CUDA error: unspecified launch failure

Shen · June 1, 2022, 5:32pm

Hi, recently my PyTorch ran into an issue:

RuntimeError: CUDA error: unspecified launch failure
CUDA kernel errors might be asynchronously reported at some other API call, so the stacktrace below might be incorrect.

After this, the GPU got lost. Typing nvidia-smi gave

Unable to determine the device handle for GPU 0000:02.00.0: Unknown Error

Unfortunately this is all information the terminal displayed. However, by going through this discussion, I can conditionally make the code run by doing one of these:

1. Set CUDA_LAUNCH_BLOCKING=1. Surprisingly, this did not provide additional error info. Instead, the program ran properly after setting this, with the cost of 5x-6x training time.
2. Reduce number of workers to 0 and set non_blocking=False when transferring input images/labels to GPU. This also worked, with the cost of 6x-8x data loading time.

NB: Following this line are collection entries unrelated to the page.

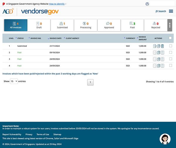 Sent last ever invoice (S$1000) to retro government invoicing platform Vendors@gov.. it's been a nice decade, thanks for feeding the fam all this time, and farewell, my most enduring client. Godspeed 🏁
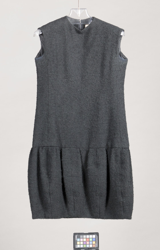 Dress: Wool plain weave (bouclé); Jacket: Wool plain weave (bouclé), buttons
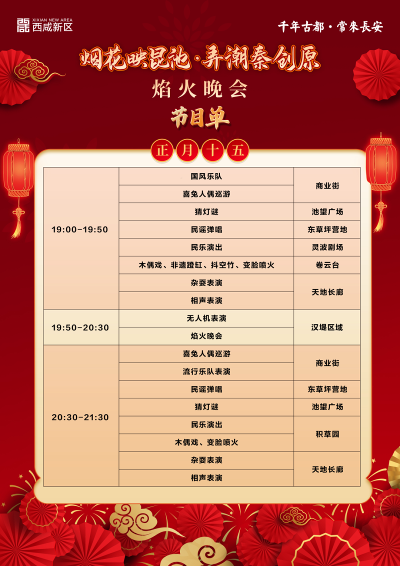 除了焰火晚会,元宵节当天,昆明池·七夕公园还将开展杂耍表演、人偶巡游、民谣弹唱、猜灯谜等各类形式丰富、内容精彩的民俗文化活动,欢迎大家前往参与观看。
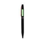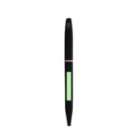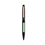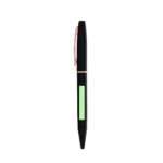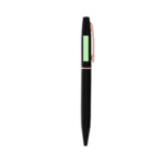 Ensemble bloc-notes et stylo fabriqués en PU recyclé et aluminium recyclé. En noir mat élégant avec des accessoires distingués en finition or rose.Carnet à couverture rigide en PU recyclé, avec fermeture magnétique et finitions en or rose. 80 pages couleur crème à rayures simples, avec marque-page assorti et porte-stylo à l’intérieur, ainsi que logo en PU recyclé sur la couverture arrière.L’ensemble est complété par un stylo bille en aluminium recyclé, noir mat avec accents en or rose et clip métallique. Mécanisme à rotation et encre bleue, avec logo en aluminium recyclé.Présentation dans un étui noir élégant.Le cuir PU recyclé se distingue par sa résistance et son élasticité. Ce matériau recyclable est une option durable qui récupère les fibres rejetées lors de la fabrication, minimisant ainsi le gaspillage de matière et réduisant l’impact environnemental, tout en préservant ses propriétés d’origine.L’aluminium recyclé est un matériau aux possibilités de recyclage presque infinies, qui conserve ses propriétés d’origine et consomme moins d’énergie dans le processus.Certification GRS (Global Recycled Standard), garantissant l’origine recyclée du matériau utilisé pour fabriquer le produit.
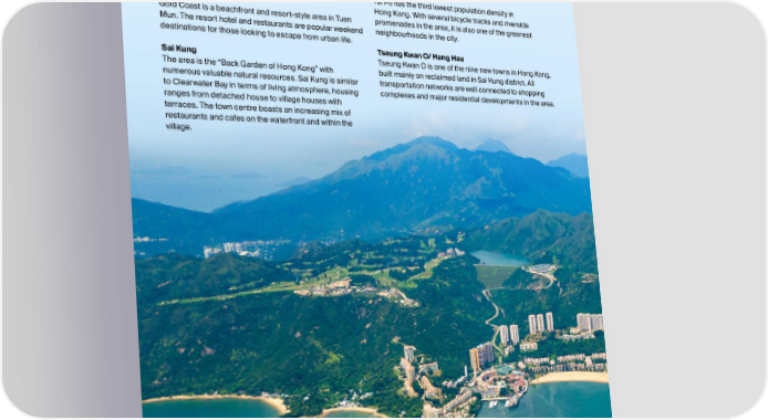 Neighbourhood Guide - New Territories Clear Water Bay Shatin/ Fo Tan Clear Water Bay is a bay on the east coast of Kowloon. Shatin is one of the most densely populated districts in the Famous of its beaches and outdoor activities with a country New Territories. New Town Plaza, the largest shopping mall living atmosphere, the area is popular among expatriates in the area, offers a wide variety of international boutiques, who look for a rural lifestyle. The area is scattered with supermarkets and eateries to the neighbourhood. townhouses of plentiful size, usually with private gardens Tai Po and pools. Tai Po has the third lowest population density in Gold Coast Hong Kong. With several bicycle tracks and riverside Gold Coast is a beachfront and resort-style area in Tuen promenades in the area, it is also one of the greenest Mun. The resort hotel and restaurants are popular weekend neighbourhoods in the city. destinations for those looking to escape from urban life. Tseung Kwan O/ Hang Hau Sai Kung Tseung Kwan O is one of the nine new towns in Hong Kong, The area is the “Back Garden of Hong Kong” with built mainly on reclaimed land in Sai Kung district. All numerous valuable natural resources. Sai Kung is similar transportation networks are well connected to shopping to Clearwater Bay in terms of living atmosphere, housing complexes and major residential developments in the area. ranges from detached house to village houses with terraces. The town centre boasts an increasing mix of restaurants and cafes on the waterfront and within the village. 14 GUIDE FOR LEASING A PROPERTY IN HONG KONG
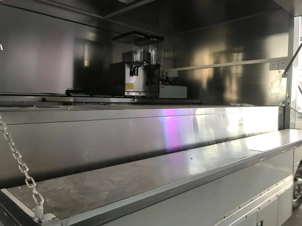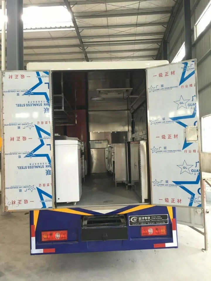 Standard Description1.The outside of van body is made of glass fiber reinforced material and inside is stainless steel material.The body floor made of skidproof , waterproof and wear-resistant aluminum checkered plate; 2.The top of the body is fixed with exhaust fan.And the left and right side and the back can be open and expanded and there is vending bar on both left and right side. 2.The top of the body is fixed with exhaust fan.And the left and right side and the back can be open and expanded and there is vending bar on both left and right side. 3.The internal van body is installed with the spotlight,,megaphone, master switch, USB interface, large space locker;The outside of the van body is installed two loudspeakers.Installed with 105A battery,different truck color and skin stickers are optional. | ||||||

Another observation is that when I increased the batch size, the errors sometimes occurred even though the program only used 2/3 of the GPU memory.

Here are my system configurations:

GPU: 2080Ti
OS: Ubuntu 18.04
Nvidia driver version: 495.29.05
CUDA version: 11.5
PyTorch version: tried 1.9 to 1.11, they all had similar issues

Please help! Thanks!

ptrblck · June 1, 2022, 6:38pm

Could you post a minimal, executable code snippet to reproduce the issue on the 2080Ti, please?

Shen · June 1, 2022, 6:42pm

Hi, I simply tried the code from PyTorch example here, without any parallelization or distributed features (as I only have 1 GPU).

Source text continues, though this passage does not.